Here's the uncomfortable truth: even with all the above, local models will still generate broken code sometimes. The fix is to stop trusting and start verifying.

#!/bin/bash
# save as: validate_generated.sh
# Run generated code through basic checks before accepting

FILE=$1

# Syntax check
python3 -c "import ast; ast.parse(open('$FILE').read())" 2>&1
if [ $? -ne 0 ]; then
    echo "FAIL: Syntax error in generated code"
    exit 1
fi

# Type check with mypy (fast, catches hallucinated APIs)
python3 -m mypy "$FILE" --ignore-missing-imports 2>&1
if [ $? -ne 0 ]; then
    echo "WARN: Type errors detected"
fi

# Run any existing tests that touch the modified module
python3 -m pytest tests/ -x --timeout=10 2>&1

I run something like this automatically in my editor whenever I accept a generated code block. It catches the most common local LLM failure — confidently calling functions or methods that don't exist on an object. mypy is particularly good at catching these.

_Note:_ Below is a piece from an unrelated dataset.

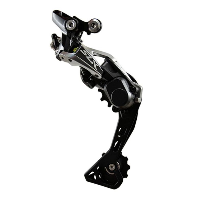 Le dérailleur arrière Shimano SLX RD-M7000 Shadow+ est destiné aux transmissions 11 vitesses. La technologie Shadow+ utilisée offre une transmission silencieuse et diminue les battements de la chaîne. Grâce à un simple levier, la chape peut être maintenue en position ("On") afin de retirer et remettre en place la roue arrière sur le cadre de façon très aisée. La technologie Shadow+ offre également un maintien optimal de la chaîne et des changements de vitesses souples et précis. Ce modèle est doté d'une chape longue. Ce dérailleur SLX est un peu plus lourd que ceux de la gamme XT, il offre néanmoins un très bon niveau de performance même dans le cadre d'un usage intensif.
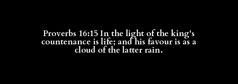 Proverbs 16:15 In the light of the king's countenance is life; and his favour is as a cloud of the latter rain.

When to Bail: Know the Limits

Even with all these fixes, local LLMs have hard limits you should respect:

Multi-file refactoring: Needs too much context. Don't even try.
Debugging complex runtime errors: The model needs to understand state, call stacks, and timing. It won't.
Anything requiring up-to-date API knowledge: If the library was updated after the model's training cutoff, you'll get plausible-looking code for an API version that no longer exists.
Generating tests for complex business logic: The model doesn't understand your domain. It'll write tests that pass but test nothing meaningful.

For these tasks, you're better off using local models for smaller subtasks — generate a single function, write a type definition, convert a data structure — and doing the architectural thinking yourself.

The Honest Summary

Local LLMs for coding aren't useless. They're just unforgiving. You can't use them the way you'd use a cloud model — fire off a vague prompt and get back working code. You need to pick specialized models, preserve quantization quality, write precise prompts, use FIM for inline completion, and validate everything.

Is it more work? Yeah. But you get offline capability, complete privacy, zero API costs, and — once you dial it in — a surprisingly capable coding assistant that runs on hardware you already own.

The trick is matching the tool to the task. Use local models for the 80% of coding work that's pattern-matching and boilerplate. Keep your judgment for the 20% that requires actual understanding.

Top comments (1)

david duymelinck • Apr 29 • Edited

When I read the prompt I was thinking, how many keystrokes are you saving?
It looks like it takes as much time to describe the function you want to generate than to write the code yourself?

I'm wondering if you could get away with just

Create a function with the signature: `def parse_csv(filepath: str) -> list[dict[str, str]]`.

read following files as guidance:

- dependencies/python.md
- dependencies/csv.md
- errorHandling/files.md

Basically I took the idea of skills but made it more explicit, instead of letting an agent decide what to read and what not.
As I see it most skills contain too much information anyway.

The prompt is a bit shorter, and the information can be reused.